* [Task brief]:
Below are some entries; set them all down exactly.

Collected data:
--*--

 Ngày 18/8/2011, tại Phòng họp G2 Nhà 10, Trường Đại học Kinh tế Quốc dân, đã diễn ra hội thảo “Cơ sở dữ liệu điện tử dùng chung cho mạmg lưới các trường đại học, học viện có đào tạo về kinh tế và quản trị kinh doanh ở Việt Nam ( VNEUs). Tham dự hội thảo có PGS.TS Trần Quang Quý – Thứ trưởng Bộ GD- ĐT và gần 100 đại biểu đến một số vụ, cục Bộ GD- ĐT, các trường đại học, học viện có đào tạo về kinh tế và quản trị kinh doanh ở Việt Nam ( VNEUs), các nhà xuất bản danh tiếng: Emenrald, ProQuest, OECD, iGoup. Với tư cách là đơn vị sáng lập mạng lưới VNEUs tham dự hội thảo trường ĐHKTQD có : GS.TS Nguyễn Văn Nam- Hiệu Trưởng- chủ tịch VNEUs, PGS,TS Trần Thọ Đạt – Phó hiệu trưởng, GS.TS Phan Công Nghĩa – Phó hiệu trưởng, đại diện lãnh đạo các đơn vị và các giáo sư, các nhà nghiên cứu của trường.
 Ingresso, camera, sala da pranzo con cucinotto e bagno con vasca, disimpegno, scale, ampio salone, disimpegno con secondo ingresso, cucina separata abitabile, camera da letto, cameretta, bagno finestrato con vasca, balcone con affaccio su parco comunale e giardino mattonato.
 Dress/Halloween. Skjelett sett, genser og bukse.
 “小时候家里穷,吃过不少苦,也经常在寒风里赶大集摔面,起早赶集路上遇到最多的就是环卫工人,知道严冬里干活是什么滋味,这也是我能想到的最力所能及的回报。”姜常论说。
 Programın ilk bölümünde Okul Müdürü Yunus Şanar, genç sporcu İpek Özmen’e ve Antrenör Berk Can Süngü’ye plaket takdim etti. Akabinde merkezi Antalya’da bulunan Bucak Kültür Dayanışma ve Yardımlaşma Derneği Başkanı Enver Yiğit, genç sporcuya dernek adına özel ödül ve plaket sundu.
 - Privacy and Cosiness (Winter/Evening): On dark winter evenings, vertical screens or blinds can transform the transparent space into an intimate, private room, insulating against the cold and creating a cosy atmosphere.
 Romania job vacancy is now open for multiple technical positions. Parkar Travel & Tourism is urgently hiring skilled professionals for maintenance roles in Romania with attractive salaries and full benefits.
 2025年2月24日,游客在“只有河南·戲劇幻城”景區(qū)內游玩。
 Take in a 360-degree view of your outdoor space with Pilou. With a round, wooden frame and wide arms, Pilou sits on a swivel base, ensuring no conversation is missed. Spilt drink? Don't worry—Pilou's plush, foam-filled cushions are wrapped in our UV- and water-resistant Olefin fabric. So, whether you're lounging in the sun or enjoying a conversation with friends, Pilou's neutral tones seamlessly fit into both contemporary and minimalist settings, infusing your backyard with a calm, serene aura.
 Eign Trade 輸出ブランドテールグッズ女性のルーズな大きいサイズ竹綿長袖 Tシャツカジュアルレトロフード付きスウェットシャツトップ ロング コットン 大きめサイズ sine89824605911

--*--

* [Result]:
 Ngày 18/8/2011, tại Phòng họp G2 Nhà 10, Trường Đại học Kinh tế Quốc dân, đã diễn ra hội thảo “Cơ sở dữ liệu điện tử dùng chung cho mạmg lưới các trường đại học, học viện có đào tạo về kinh tế và quản trị kinh doanh ở Việt Nam ( VNEUs). Tham dự hội thảo có PGS.TS Trần Quang Quý – Thứ trưởng Bộ GD- ĐT và gần 100 đại biểu đến một số vụ, cục Bộ GD- ĐT, các trường đại học, học viện có đào tạo về kinh tế và quản trị kinh doanh ở Việt Nam ( VNEUs), các nhà xuất bản danh tiếng: Emenrald, ProQuest, OECD, iGoup. Với tư cách là đơn vị sáng lập mạng lưới VNEUs tham dự hội thảo trường ĐHKTQD có : GS.TS Nguyễn Văn Nam- Hiệu Trưởng- chủ tịch VNEUs, PGS,TS Trần Thọ Đạt – Phó hiệu trưởng, GS.TS Phan Công Nghĩa – Phó hiệu trưởng, đại diện lãnh đạo các đơn vị và các giáo sư, các nhà nghiên cứu của trường.
 Ingresso, camera, sala da pranzo con cucinotto e bagno con vasca, disimpegno, scale, ampio salone, disimpegno con secondo ingresso, cucina separata abitabile, camera da letto, cameretta, bagno finestrato con vasca, balcone con affaccio su parco comunale e giardino mattonato.
 Dress/Halloween. Skjelett sett, genser og bukse.
 “小时候家里穷,吃过不少苦,也经常在寒风里赶大集摔面,起早赶集路上遇到最多的就是环卫工人,知道严冬里干活是什么滋味,这也是我能想到的最力所能及的回报。”姜常论说。
 Programın ilk bölümünde Okul Müdürü Yunus Şanar, genç sporcu İpek Özmen’e ve Antrenör Berk Can Süngü’ye plaket takdim etti. Akabinde merkezi Antalya’da bulunan Bucak Kültür Dayanışma ve Yardımlaşma Derneği Başkanı Enver Yiğit, genç sporcuya dernek adına özel ödül ve plaket sundu.
 - Privacy and Cosiness (Winter/Evening): On dark winter evenings, vertical screens or blinds can transform the transparent space into an intimate, private room, insulating against the cold and creating a cosy atmosphere.
 Romania job vacancy is now open for multiple technical positions. Parkar Travel & Tourism is urgently hiring skilled professionals for maintenance roles in Romania with attractive salaries and full benefits.
 2025年2月24日,游客在“只有河南·戲劇幻城”景區(qū)內游玩。
 Take in a 360-degree view of your outdoor space with Pilou. With a round, wooden frame and wide arms, Pilou sits on a swivel base, ensuring no conversation is missed. Spilt drink? Don't worry—Pilou's plush, foam-filled cushions are wrapped in our UV- and water-resistant Olefin fabric. So, whether you're lounging in the sun or enjoying a conversation with friends, Pilou's neutral tones seamlessly fit into both contemporary and minimalist settings, infusing your backyard with a calm, serene aura.
 Eign Trade 輸出ブランドテールグッズ女性のルーズな大きいサイズ竹綿長袖 Tシャツカジュアルレトロフード付きスウェットシャツトップ ロング コットン 大きめサイズ sine89824605911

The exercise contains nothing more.